Dieta da chuva

Dieta do Diabo

Em, 4.1.2011
Por  Pietra Luña



Depois das fartas ceias de fim de ano, vem a culpa. Jura a Santa Magreza do Espírito Veronino, ao contrário do que prega a festejante igreja católica, que a comilança de natal e ano novo são coisas do demo para engordar todo mundo e tornar um verão uma espécie de data maldita, com gorduras fritando ao calor dos infernos como o diabo gosta quer. 

Janeiro é o mês dos 4P: das promessas, preces e prescrições. Tem a promessa "nunca mais vou beber e comer desse tanto", tem a prece do emagrecimento do Marcelo Rossi (!?!?) e as prescrições  médicas. e o quarto "P" fica a critério do freguês (ficar puto, pegar todas, meter o pau na vizinha gostosa, ficar perdido, bater punheta, pular a cerca, dar piti, passar fome etc.) 

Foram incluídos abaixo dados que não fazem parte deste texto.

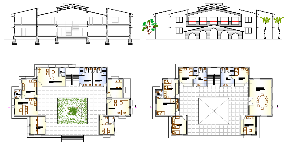 Beach Resort Elevation Plan and Design that includes front elevation, back elevation, side elevation, garden, main entrance, staff entrance, wide road, office, car parking, administration, swimming pool, resort building, cottages and much more of resort design.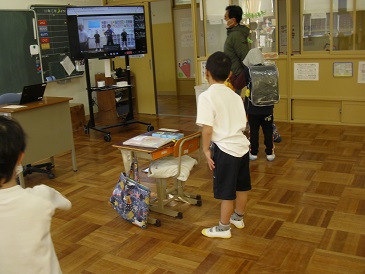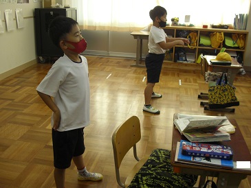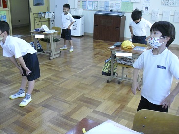 1年生の朝活動の様子です。健康委員会企画の「マッスルトレーニング」を楽しみました。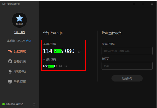 如上图所示,办公电脑只要开启向日葵软件,家庭电脑输入办公电脑的“本机识别码”和“本机验证码”,即可申请访问和控制办公电脑。

Na onda do início de ano devagar, as revistecas e jornalicos enchem as bancas com capas milagrosas, mostrando todas as simpatias, previsões mirabolantes para 2011, e, claro, 8.456.676.697 tipos de dietas, uma vez que 94% das mulheres magras se acham gordas. Veja a seguir algumas delas:








Dieta da Chuva

Porém, faltou uma dieta importante, que ainda não sei se emagrece mesmo, embora tenha a mesma característica de passar fome como todas as outras. Eu explico. Há dez dias chove no Distrito Federal, há doze dias meus braços e pernas secretos, que dão conta de toda a casa, saíram de férias. Embora a previsão de que a chuva acabe amanhã, minha fiel secreta(ria) volta apenas no fim do mês. Isso significa que (somado ao fato do patrão ter me dado trabalho para fazer em casa nestas duas semanas) minha geladeira está oca e fria como o tempo de Brasília. Por isso, criei uma nova modalidade: a dieta da chuva.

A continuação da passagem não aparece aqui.